Integrating Physics-Informed Deep Learning and Numerical Methods for Robust Dynamics Discovery and Parameter Estimation

TL;DR

This work combines deep learning techniques and classic numerical methods for differential equations to solve two challenging problems in dynamical systems theory: dynamics discovery and parameter estimation.

Abstract

Incorporating a priori physics knowledge into machine learning leads to more robust and interpretable algorithms. In this work, we combine deep learning techniques and classic numerical methods for differential equations to solve two challenging problems in dynamical systems theory: dynamics discovery and parameter estimation. Results demonstrate the effectiveness of the proposed approaches on a suite of test problems exhibiting oscillatory and chaotic dynamics. When comparing the performance of various numerical schemes, such as the Runge-Kutta and linear multistep families of methods, we observe promising results in predicting the system dynamics and estimating physical parameters, given appropriate choices of spatial and temporal discretization schemes and numerical method orders.

Figures (11)

• Figure 1: Schematic for the proposed neural network with numerical ODE methods to model dynamical systems with completely unknown dynamics.
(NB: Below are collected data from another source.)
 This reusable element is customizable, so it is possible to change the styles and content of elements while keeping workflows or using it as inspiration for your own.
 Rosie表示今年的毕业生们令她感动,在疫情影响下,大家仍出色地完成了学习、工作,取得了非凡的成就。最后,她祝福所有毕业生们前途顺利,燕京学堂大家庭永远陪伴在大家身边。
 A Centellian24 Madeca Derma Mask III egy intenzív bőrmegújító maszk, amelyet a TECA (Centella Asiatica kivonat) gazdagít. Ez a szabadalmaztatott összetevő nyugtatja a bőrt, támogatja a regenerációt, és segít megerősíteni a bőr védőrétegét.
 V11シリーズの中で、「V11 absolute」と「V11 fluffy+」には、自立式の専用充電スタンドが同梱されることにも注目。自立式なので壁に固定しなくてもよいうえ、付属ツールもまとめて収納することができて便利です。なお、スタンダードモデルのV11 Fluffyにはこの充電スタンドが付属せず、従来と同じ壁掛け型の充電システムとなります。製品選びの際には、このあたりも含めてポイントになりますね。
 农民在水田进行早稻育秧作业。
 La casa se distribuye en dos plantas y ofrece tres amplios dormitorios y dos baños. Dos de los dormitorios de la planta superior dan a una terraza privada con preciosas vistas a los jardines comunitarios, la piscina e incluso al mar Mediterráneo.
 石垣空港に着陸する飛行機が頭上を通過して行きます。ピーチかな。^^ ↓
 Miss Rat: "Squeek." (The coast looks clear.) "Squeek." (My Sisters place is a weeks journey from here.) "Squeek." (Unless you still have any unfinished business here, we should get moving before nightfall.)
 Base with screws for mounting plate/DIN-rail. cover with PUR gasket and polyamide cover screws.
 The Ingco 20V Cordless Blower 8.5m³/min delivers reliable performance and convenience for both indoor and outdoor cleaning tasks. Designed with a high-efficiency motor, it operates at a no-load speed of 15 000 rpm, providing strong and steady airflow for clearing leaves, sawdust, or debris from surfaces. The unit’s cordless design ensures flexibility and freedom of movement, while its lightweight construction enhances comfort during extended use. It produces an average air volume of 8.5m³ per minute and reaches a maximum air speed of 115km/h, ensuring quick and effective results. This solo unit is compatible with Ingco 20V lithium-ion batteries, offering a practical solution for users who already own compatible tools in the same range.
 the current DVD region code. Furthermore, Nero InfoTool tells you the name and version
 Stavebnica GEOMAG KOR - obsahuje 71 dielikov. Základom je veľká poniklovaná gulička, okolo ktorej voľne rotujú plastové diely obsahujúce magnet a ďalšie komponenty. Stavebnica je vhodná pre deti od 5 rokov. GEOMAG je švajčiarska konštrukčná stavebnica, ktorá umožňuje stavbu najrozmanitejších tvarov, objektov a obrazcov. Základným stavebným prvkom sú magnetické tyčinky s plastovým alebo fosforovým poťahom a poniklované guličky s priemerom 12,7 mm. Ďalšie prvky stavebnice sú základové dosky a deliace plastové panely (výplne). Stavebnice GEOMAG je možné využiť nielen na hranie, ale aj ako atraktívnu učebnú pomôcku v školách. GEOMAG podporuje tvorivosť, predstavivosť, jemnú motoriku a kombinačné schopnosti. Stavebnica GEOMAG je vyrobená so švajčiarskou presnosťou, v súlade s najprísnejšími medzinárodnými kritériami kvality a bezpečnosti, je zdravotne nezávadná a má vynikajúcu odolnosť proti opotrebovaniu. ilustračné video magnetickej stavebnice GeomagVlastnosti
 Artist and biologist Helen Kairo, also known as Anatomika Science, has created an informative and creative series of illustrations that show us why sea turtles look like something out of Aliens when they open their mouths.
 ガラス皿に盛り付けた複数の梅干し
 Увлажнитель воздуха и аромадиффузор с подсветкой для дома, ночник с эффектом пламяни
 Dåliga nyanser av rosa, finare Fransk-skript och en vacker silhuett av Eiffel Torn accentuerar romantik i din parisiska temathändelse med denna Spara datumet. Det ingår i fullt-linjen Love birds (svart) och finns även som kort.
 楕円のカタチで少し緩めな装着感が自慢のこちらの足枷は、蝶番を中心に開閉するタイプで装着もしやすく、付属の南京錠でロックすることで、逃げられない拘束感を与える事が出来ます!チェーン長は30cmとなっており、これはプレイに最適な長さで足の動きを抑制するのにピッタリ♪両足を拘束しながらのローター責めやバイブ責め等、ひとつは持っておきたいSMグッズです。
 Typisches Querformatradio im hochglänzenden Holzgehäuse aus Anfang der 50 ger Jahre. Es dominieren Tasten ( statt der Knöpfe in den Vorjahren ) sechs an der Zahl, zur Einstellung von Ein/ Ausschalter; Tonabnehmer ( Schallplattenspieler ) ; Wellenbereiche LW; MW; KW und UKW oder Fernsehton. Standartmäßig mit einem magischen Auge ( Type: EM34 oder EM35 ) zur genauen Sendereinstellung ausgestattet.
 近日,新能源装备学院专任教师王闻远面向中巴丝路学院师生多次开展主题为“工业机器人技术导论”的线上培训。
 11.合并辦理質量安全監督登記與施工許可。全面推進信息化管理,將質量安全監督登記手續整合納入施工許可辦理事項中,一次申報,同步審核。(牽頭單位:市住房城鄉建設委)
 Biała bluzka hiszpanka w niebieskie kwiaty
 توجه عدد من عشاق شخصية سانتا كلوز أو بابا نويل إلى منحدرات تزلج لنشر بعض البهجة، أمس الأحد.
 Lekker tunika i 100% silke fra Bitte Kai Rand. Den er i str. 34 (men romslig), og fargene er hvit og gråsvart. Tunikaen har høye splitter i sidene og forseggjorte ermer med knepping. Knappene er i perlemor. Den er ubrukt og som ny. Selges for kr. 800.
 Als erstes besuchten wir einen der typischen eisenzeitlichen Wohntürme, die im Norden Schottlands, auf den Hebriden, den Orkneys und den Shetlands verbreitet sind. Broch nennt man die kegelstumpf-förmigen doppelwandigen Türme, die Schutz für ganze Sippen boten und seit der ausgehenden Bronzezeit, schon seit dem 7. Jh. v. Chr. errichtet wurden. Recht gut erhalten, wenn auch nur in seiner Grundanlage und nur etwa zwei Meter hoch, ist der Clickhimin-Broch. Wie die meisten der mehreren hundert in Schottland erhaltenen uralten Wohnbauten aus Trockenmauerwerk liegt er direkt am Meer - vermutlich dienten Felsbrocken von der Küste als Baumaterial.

We obtain an approximation for the RHS dynamics $\hat{\mathbf{f}}_{\textit{DNN}}$ using the observed states as input, then use $\hat{\mathbf{f}}_{\textit{DNN}}$ to compute a numerical approximation of the states $\Vec{X}_{\textit{NM}}$. The observed and approximated states are used in the loss function to update $\hat{\mathbf{f}}_{\textit{DNN}}$.
• Figure 2: Dynamics discovery model predictions of the FitzHugh-Nagumo model obtained using observed data at various noise levels ($\delta = 0, 0.1, 0.2$) with RK45 and BDF2.
• Figure 3: Parameter estimation predictions of the FitzHugh-Nagumo model states obtained using observed data at various noise levels ($\delta = 0, 0.2$) with RK45.
• Figure 4: Parameter estimation model predictions of FitzHugh-Nagumo model with 20% noisy data for RK (RK45) and LMM (AB2) schemes without pre-training.
• Figure 5: Dynamics discovery model predictions of the Lorenz-63 system obtained using noisy observed data at various noise levels ($\delta = 0, 0.1, 0.2$) with BDF2.